The platform I mentioned, the Raspberry PI and the RP CNC board, again, I haven't researched it so far other than to just skim the surface, but the RP CNC sounds roughly equivalent to Ethernet Smooth Stepper, except that the CNC board plugs right onto the R-PI.  I'll find out more, and look at some of the other things you mentioned. 

They always taught us in software development not to reinvent the brick (or wheel, if you like), so that's what I was hoping -- to find out from others who have tried that...

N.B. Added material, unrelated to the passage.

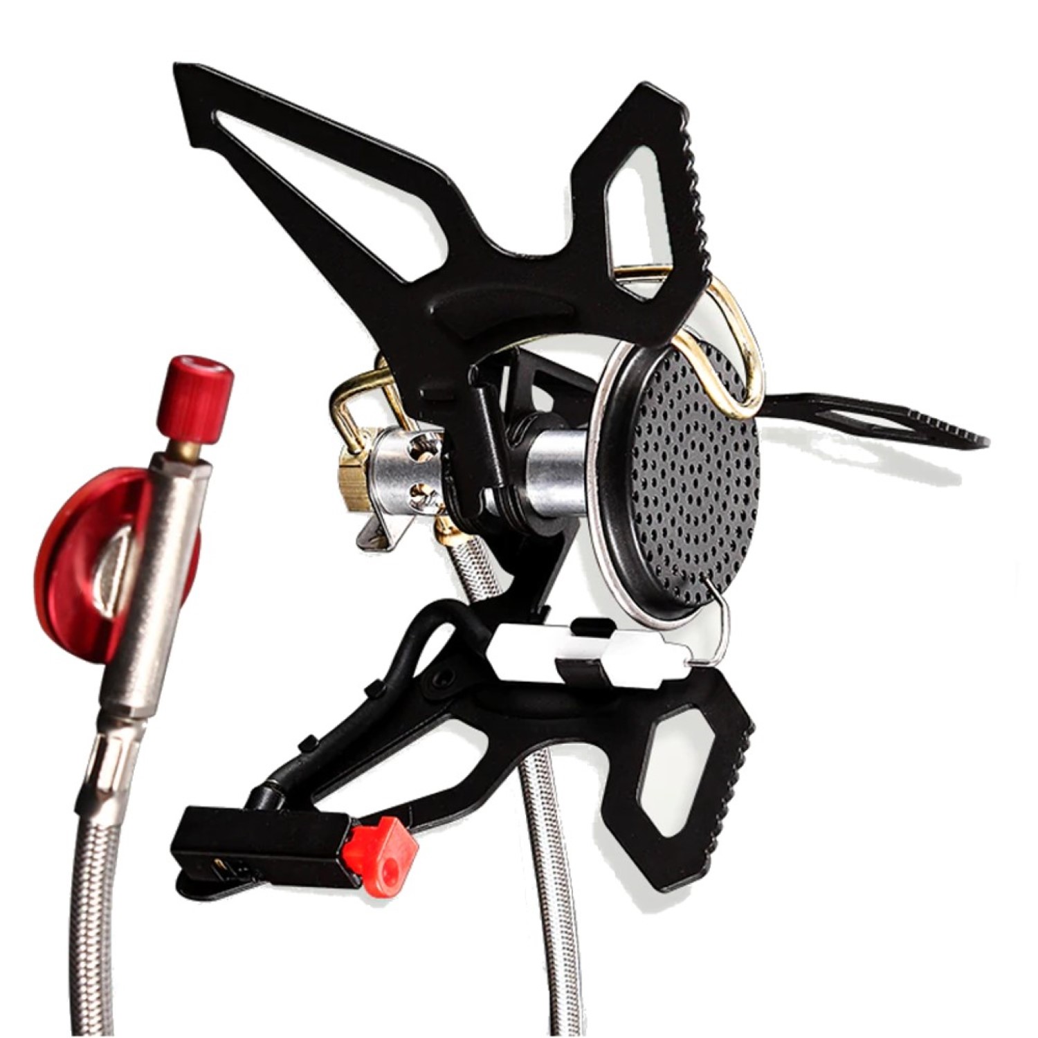 Out-Zone gaskök för camping är väl lämpad för vandring, stuga och cykling och är tillverkad av en höghållfast aluminiumlegering och rostfritt stål. Brännaren är mycket stabil och hållbar. Dess elektroniska tändning ger komfort och lätthet i terrängförhållanden. Tänderna formade på hällen håller kokkärlet stadigt och säkert ovanpå lågan. Struktur och design av brandhuvudet som ökar förbränningseffektiviteten.

Again, thanks for your insights and I do appreciate the thoroughness of your reply.  I don't have to decide quite yet -- My mill was just delivered and I got it set up only yesterday.  I haven't even got it cleaned up or put a plug on it yet.

caj


----------



## spumco (Sep 3, 2017)

Well, now you've got me curious.  What mill?  I assume you're about to dive in to a manual to CNC conversion...

-S


----------



## JPigg55 (Sep 3, 2017)

If you decide to go with Raspberry Pi, I hope you start a thread on it.
What little I know of Raspberry Pi, I believe it's quite adequate to do the job.
One plus is you can easily add a parallel port to Raspberry Pi which many CNC kits require.
Many of the newer computers no longer come with parallel ports and I'm unsure how difficult it is to install one or if it's even possible.
I know a guy at work who bought a Harbor Freight CNC machine (might have been a conversion, don't remember).
Any way, he had to install a USB to parallel port conversion to be able to use the computer he had for it.
Another consideration would be Operating System compatibility between your computer and the Raspberry Pi.
I don't know enough to give you any advice on this just pointing it out.
Here's a blurb from https://lifehacker.com/the-best-operating-systems-for-your-raspberry-pi-projec-1774669829 about Raspberry Pi OS systems:

The Raspberry Pi itself doesn’t come with an operating system. For that, you need NOOBS, short for New Out of the Box Software. It’s an operating system manager that makes it easy to download, install, and set up your Raspberry Pi. When you first boot up NOOBS, you’ll get a selection of OSes to choose from. Which operating systems are available depends on which model of Raspberry Pi you are using. For this guide, we’ll stick to the most common OSesoperating systems available on the newest models of the Raspberry Pi. Right now, that’s Raspbian, OSMC, OpenELEC, Windows IoT Core, and RISC OS.

While downloading NOOBS is simple, you can buy an SD card with NOOBS preinstalled for around $12 at Adafruit. If you prefer the DIY route, the setup process is very straightforward and you’ll find a full guide over on the Raspberry Pi site. On the first boot, NOOBS greets you with a selection of operating systems. You can install as many as you want that’ll fit on your SD card. Let’s dig into which of those choices is best for your particular plans for your Raspberry Pi.

Good luck with your venture.


----------



## cjones6108 (Sep 4, 2017)

spumco said:


> Well, now you've got me curious.  What mill?  I assume you're about to dive in to a manual to CNC conversion...
> 
> -S



Yes, manual conversion.  The machine I settled on is the Precision-Matthews PM-932M.  Since I was planning to convert (or at least, start converting) straight away, I got the most basic, no frills model -- No X-axis motor, no power down feed, no DRO.  I made a quick run uptown a day prior to the delivery and bought an engine lift from Autozone -- Man, talk about a life saver!  Should have gotten one of those years ago.

caj


----------



## spumco (Sep 4, 2017)

_The machine I settled on is the Precision-Matthews PM-932M_

Rockin'.  I almost bought that one (actually, the 940 for the extra Z height) before I stumbled across something else last year.

If you haven't already done so, check out Jbolt's PM-932 build thread here.  I believe TomS also has one.  And there are plenty of Rong-Fu clone conversion threads on CNC Zone.

Looks like a great starting point.  Keep us up to date, especially if you do something strange and interesting with the control system...

-S


----------